After all changes were written to elasticsearch.yml you need to restart the Elasticsearch server which can be done by following commands:

Stop the Elasticsearch server

sudo systemctl stop elasticsearch.service

Start the Elasticsearch server

sudo systemctl start elasticsearch.service

Further information about this can be found here: Starting Elasticsearch

Ram configruation

The elasticsearch standard config uses half the system memory as heap. This is too much for our configuration and so the ram usage on both staging and production is limited. Currently the servers are configured to use 4GB minimum and 8GB maximum. This configuration is stored in "/etc/elasticsearch/jvm.options.d/jvm.options". The configuration was done according to this advanced configuration guide to set JVM heap.

Upgrading Elasticsearch

Upgrading the elasticsearch clusters can be done with a full cluster restart upgrade. Checking the version can be done (on the server) with curl -X GET "http://localhost:9200"

Nginx Server

The Nginx server forwards every search query to the Elasticsearch server (Nginx is the reverse proxy for Elasticsearch). The reason for this is that the Elasticsearch server must not be accessed from the outside via its REST interface. If this would be possible anyone could delete indices, documents, snapshots and so on.

The configuration for this can be found in /etc/nginx/sites-enabled/default

With the new multilanguage feature the endpoints have changed and are not the same as in the picture above but the concept stays the same.

ETL process installation

Execution requirements

The scripts which extract data from wikidata for the openartbrowser are using the programming language Python. To execute them following programs are required:

Installation on ubuntu (with apt):

  • First add Personal Package Archives (PPA) for nodejs with curl
  • Install nodejs with apt-get
    • sudo apt-get install nodejs

The versions are recommendations older versions may work.

When python is installed the dependencies for the openartbrowser code can be installed.

In order to install the dependencies run the install_etl.sh script.

./install_etl.sh

or on Windows

./install_etl.bat

Python requirements

To install all required python packages execute the following command in the script directory. If you run install_etl.sh this will be performed within the script.

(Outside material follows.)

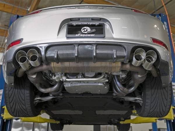 Give your Porsche (991) the luxurious style it deserves with the aFe POWER Mach Force-XP tip upgrades for the 2012 - 2016 Porsche 911 C2S with the H6-3.8L engine. Realizing that the OE exhaust tip could be improved, aFe designed a special quad 3-1/2" 304 stainless steel exhaust tip assembly. Constructed of 3-1/2" brush finished, 304 stainless steel tubing for improved performance and overall breath-taking appearance. High quality clamps and hardware are used, these tips are also manufactured to the OE style, resulting in a perfectly precise fit and a complete bolt-on installation. The tips are 100% hand TIG-welded by certified craftsmen fo r race proven strength and durability that your Porsche demands! No modifications are necessary and all hardware is included within the kit. 3-1/2" dia. Brush Finish Stainless Steel Exhaust Tip: These tips are 3-1/2" dia. brush finished stainless steel exhaust tips that gives your Porsche a clean, breath-taking appearance. Stainless Steel and Construction: This unique tip uses 3-1/2" angle-cut brush finished, 304 stainless steel tubing that is TIG-welded by a certified craftsmen. Hassle-Free Installation: These tips are also manufactured to the OE style, resulting in a perfectly precise, hassle-fee installation fit with no modifications required.

pip3 install -r requirements.txt

Configure data extraction

Pywikibot configuration

To be able to execute the art_ontology_crawler.py script you first have to configure the pywikibot installation. In the repository a /openartbrowser/etl/user-config.py is provided which configures the user of the pywikibot. It is necessary that this file exists in order to run the script. The script will always use the user-config.py from the directory in which you executed the art_ontology_crawler.py script. So always execute this script from the /etl directory.

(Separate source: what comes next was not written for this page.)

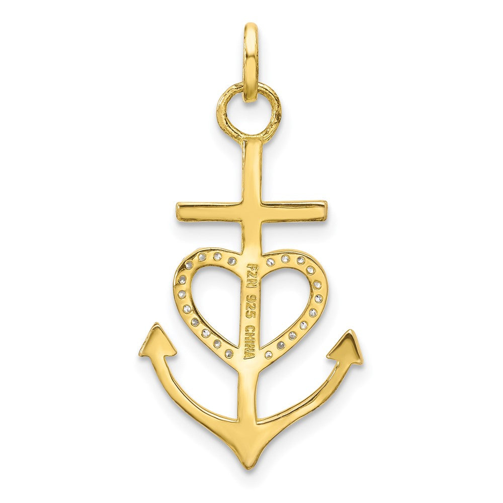 Sterling Silver Gold-tone Cross CZ Heart Anchor Pendant

python3 data_extraction/art_ontology_crawler.py

There are several options how to configure the pywikibot: https://www.mediawiki.org/wiki/Manual:Pywikibot/user-config.py#Location .

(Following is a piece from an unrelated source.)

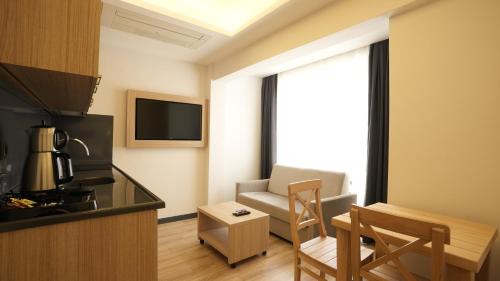 Featuring a garden and views of city, Alesta Seaside Residence is located in Fethiye, 1.1 miles from Calis Beach. The property is around 4.4 miles from Fethiye Marina, 4.4 miles from Ece Saray Marina and 17 miles from Butterfly Valley. The property provides a 24-hour front desk, airport transportation, a shared lounge and free WiFi throughout the property. Guest rooms are equipped with air conditioning, a flat-screen TV with satellite channels, an electric tea pot, a shower, free toiletries and a closet. All rooms include a safety deposit box, while certain rooms include a terrace. At the hotel each room comes with bed linen and towels. Alesta Seaside Residence offers a buffet or continental breakfast. Saklikent National Park is 28 miles from the accommodation, while Saklikent is 30 miles away. The nearest airport is Dalaman Airport, 29 miles from Alesta Seaside Residence.

If you want to use pywikibot with an MediaWiki account you can follow the tutorial from wikidata on the following link: https://www.wikidata.org/wiki/Wikidata:Pywikibot_-_Python_3_Tutorial/Setting_up_Shop .

Set environment variables for importing python modules

The python scripts reference own modules to avoid code duplication. It is necessary to set environment variables that this procedure works. On Unix based systems the PYTHONPATH variable has to be set to the openartbrowser/etl directory on your opened shell session.

export PYTHONPATH="${PYTHONPATH}:openartbrowser/etl"

The Unix environment variables are dependend on the shell you use so you have to look that up if the above doesn't work for you. In the openartbrowser/etl/scripts/install_etl.sh are examples on how to set the environment variable up for the bash shell.

You may also set the PYWIKIBOT_DIR variable to the openartbrowser/etl directory to be able to execute the script from another directory than openartbrowser/etl, but this is optional and not used on the server anyways.

On Windows the system environment variable (not user variable) can be set via the GUI or via the terminal like this

setx PYTHONPATH "%PYTHONPATH%;%CD%" /M

Also the PYWIKIBOT_DIR variable can be set but this is optional.

setx PYWIKIBOT_DIR "%CD%" /M

If above doesn't work for you please use the GUI for it.